#### [Supplied data]

────────────────

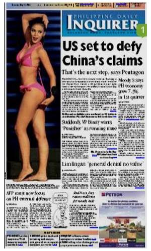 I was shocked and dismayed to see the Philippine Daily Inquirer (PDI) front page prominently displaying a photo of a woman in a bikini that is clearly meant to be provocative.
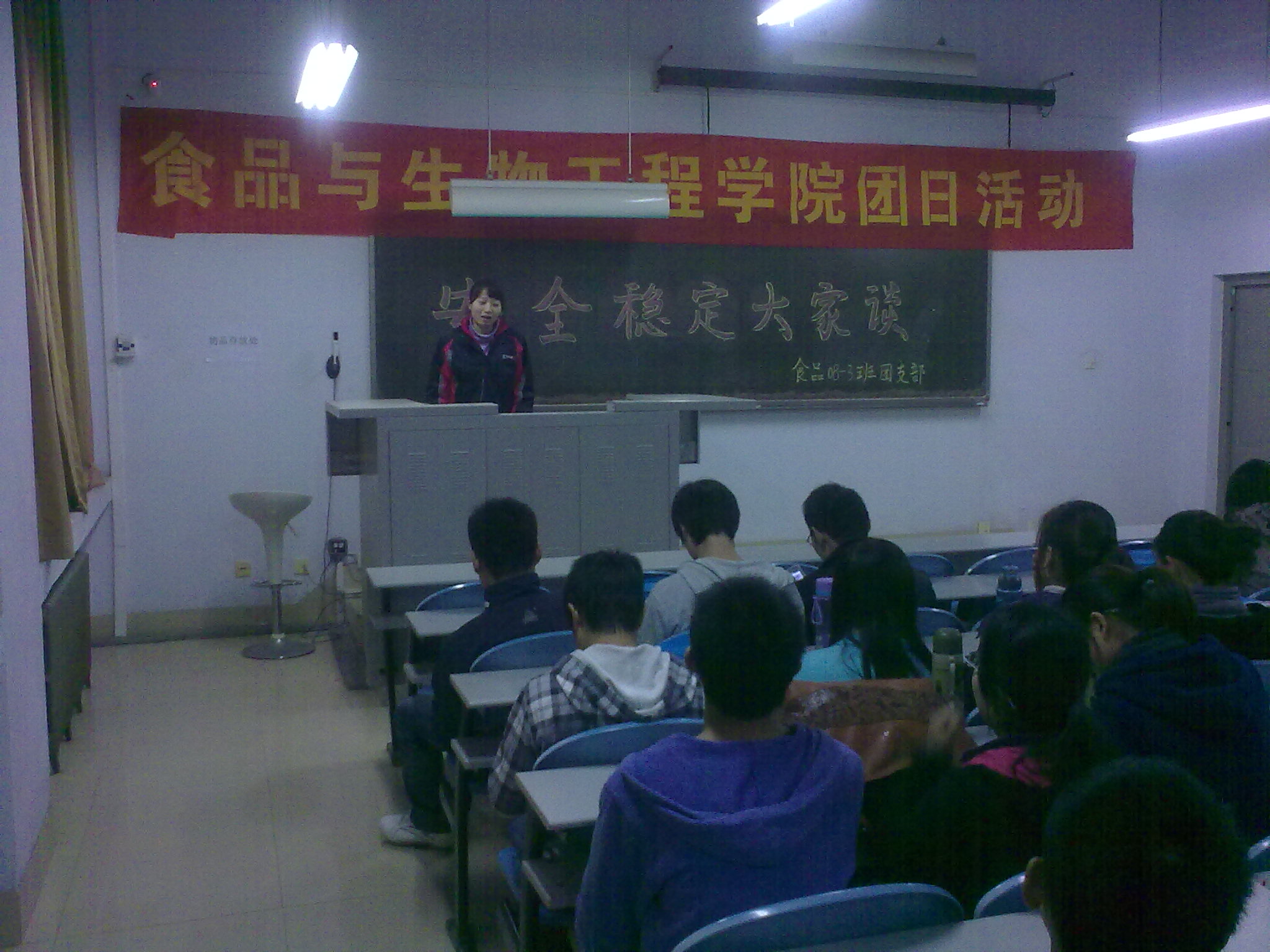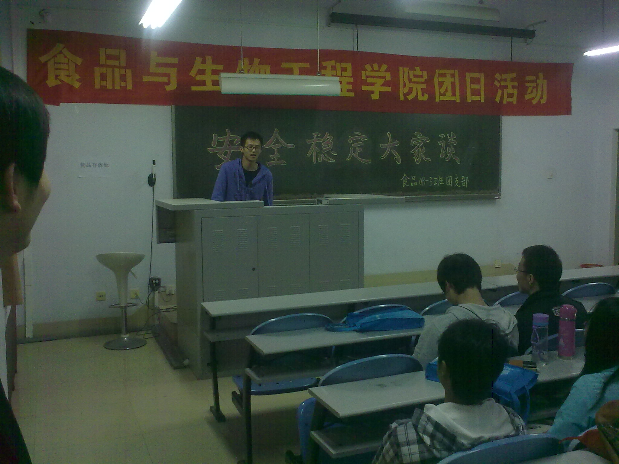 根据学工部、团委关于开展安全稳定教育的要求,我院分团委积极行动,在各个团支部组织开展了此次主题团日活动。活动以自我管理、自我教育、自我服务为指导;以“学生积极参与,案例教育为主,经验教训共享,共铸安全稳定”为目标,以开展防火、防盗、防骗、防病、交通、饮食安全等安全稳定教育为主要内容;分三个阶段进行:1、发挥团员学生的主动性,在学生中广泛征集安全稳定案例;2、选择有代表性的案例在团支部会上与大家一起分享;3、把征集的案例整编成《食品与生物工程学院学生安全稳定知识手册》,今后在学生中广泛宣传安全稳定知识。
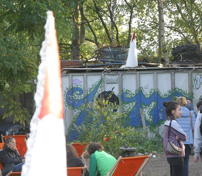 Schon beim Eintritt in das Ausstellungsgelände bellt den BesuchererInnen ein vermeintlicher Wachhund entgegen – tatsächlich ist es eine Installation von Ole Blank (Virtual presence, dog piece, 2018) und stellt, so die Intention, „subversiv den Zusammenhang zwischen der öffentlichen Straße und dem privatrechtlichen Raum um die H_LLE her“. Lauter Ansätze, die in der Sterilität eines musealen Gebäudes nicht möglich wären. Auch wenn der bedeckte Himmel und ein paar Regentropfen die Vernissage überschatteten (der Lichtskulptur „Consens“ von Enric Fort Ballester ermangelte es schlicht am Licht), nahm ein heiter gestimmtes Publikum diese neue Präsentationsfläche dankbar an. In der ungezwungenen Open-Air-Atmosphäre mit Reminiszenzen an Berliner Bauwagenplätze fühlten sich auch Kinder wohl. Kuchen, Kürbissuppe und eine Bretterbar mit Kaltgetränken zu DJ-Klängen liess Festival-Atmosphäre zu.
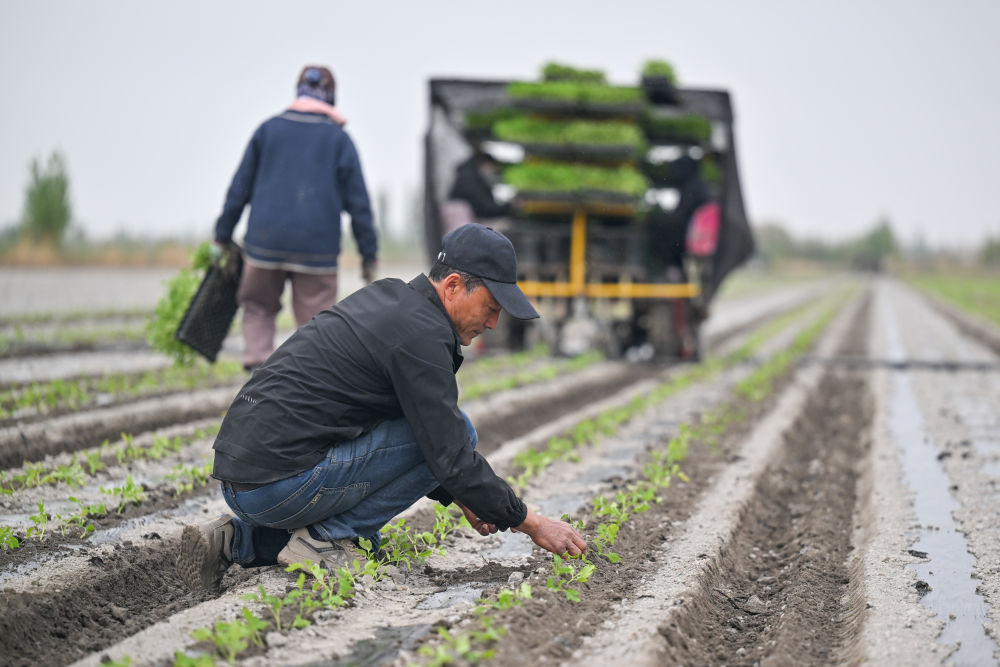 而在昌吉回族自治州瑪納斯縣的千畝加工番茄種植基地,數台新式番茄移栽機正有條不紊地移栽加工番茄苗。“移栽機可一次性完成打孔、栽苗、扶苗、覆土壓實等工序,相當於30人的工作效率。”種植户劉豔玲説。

────────────────

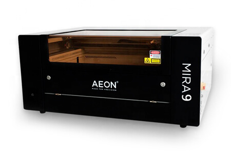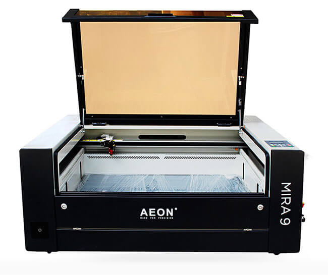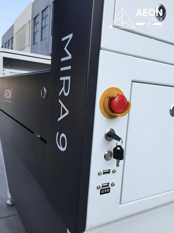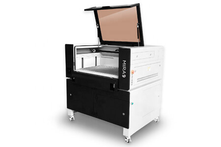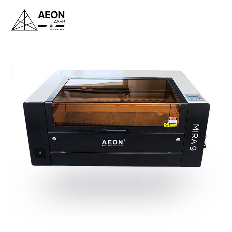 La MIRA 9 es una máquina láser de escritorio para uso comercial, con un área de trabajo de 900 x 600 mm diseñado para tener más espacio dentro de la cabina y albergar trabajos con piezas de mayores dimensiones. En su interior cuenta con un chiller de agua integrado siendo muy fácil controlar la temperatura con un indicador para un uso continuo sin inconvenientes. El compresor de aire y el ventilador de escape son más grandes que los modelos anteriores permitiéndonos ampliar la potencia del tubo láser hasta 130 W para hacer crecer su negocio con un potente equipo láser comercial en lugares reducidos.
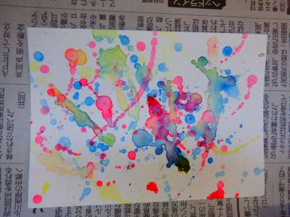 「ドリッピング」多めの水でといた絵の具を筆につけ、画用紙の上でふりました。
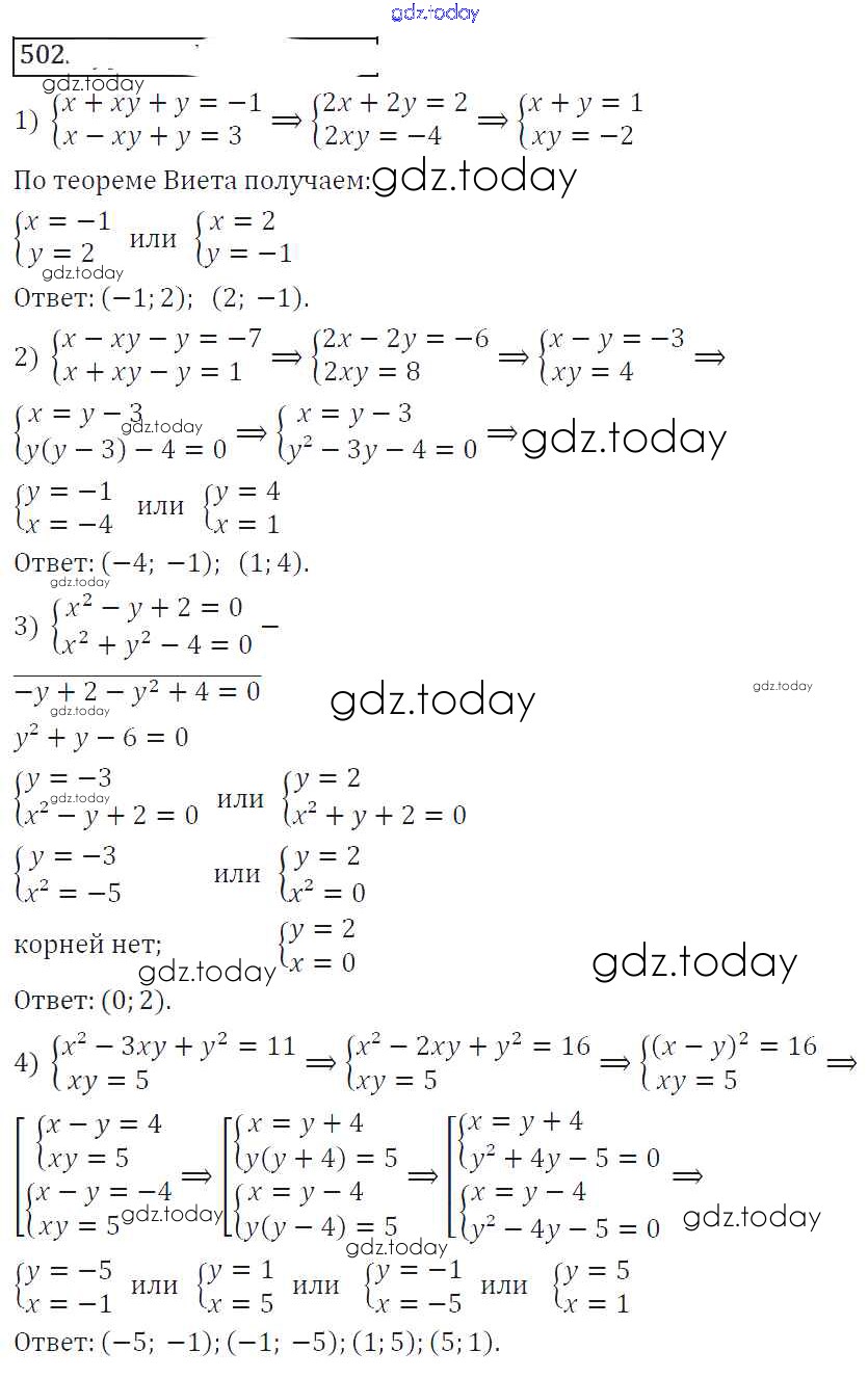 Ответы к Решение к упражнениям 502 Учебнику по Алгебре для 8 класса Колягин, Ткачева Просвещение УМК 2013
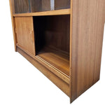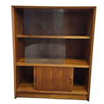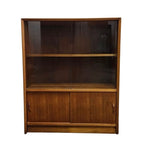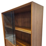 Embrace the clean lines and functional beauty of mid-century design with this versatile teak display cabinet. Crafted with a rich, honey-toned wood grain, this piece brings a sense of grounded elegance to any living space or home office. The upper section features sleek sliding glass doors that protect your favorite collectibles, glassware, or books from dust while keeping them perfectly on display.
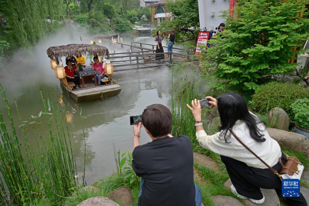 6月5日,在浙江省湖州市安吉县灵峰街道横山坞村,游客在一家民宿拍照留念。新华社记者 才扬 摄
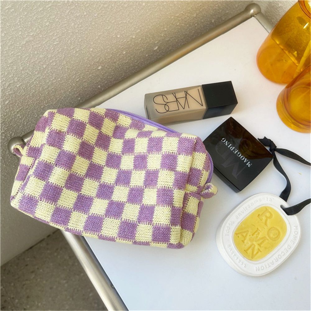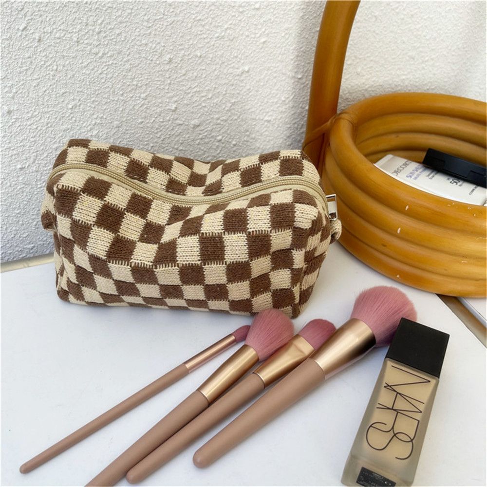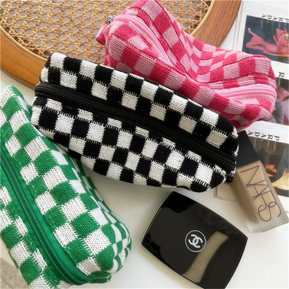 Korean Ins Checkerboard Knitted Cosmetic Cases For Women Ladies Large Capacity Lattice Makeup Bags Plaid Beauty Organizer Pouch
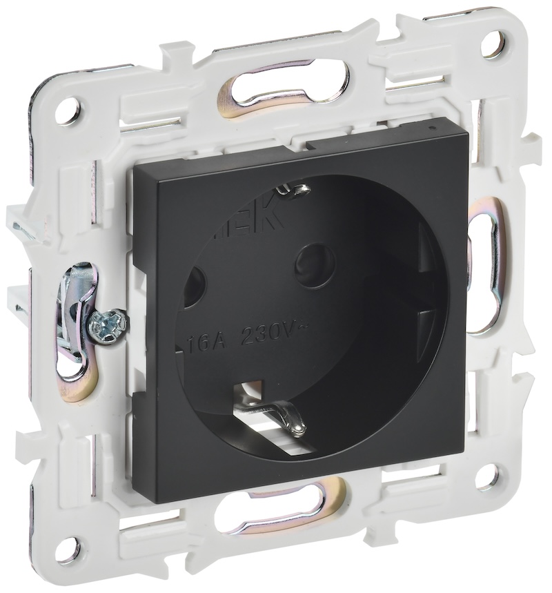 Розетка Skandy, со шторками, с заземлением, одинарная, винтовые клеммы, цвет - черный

────────────────

#### [Your instructions]
Transcribe only the lines above that start at the line containing "La MIRA 9 es" and end at the line containing "Розетка Skandy, со". Omit pictures.

#### [Solution for this problem]
 La MIRA 9 es una máquina láser de escritorio para uso comercial, con un área de trabajo de 900 x 600 mm diseñado para tener más espacio dentro de la cabina y albergar trabajos con piezas de mayores dimensiones. En su interior cuenta con un chiller de agua integrado siendo muy fácil controlar la temperatura con un indicador para un uso continuo sin inconvenientes. El compresor de aire y el ventilador de escape son más grandes que los modelos anteriores permitiéndonos ampliar la potencia del tubo láser hasta 130 W para hacer crecer su negocio con un potente equipo láser comercial en lugares reducidos.
 「ドリッピング」多めの水でといた絵の具を筆につけ、画用紙の上でふりました。
 Ответы к Решение к упражнениям 502 Учебнику по Алгебре для 8 класса Колягин, Ткачева Просвещение УМК 2013
 Embrace the clean lines and functional beauty of mid-century design with this versatile teak display cabinet. Crafted with a rich, honey-toned wood grain, this piece brings a sense of grounded elegance to any living space or home office. The upper section features sleek sliding glass doors that protect your favorite collectibles, glassware, or books from dust while keeping them perfectly on display.
 6月5日,在浙江省湖州市安吉县灵峰街道横山坞村,游客在一家民宿拍照留念。新华社记者 才扬 摄
 Korean Ins Checkerboard Knitted Cosmetic Cases For Women Ladies Large Capacity Lattice Makeup Bags Plaid Beauty Organizer Pouch
 Розетка Skandy, со шторками, с заземлением, одинарная, винтовые клеммы, цвет - черный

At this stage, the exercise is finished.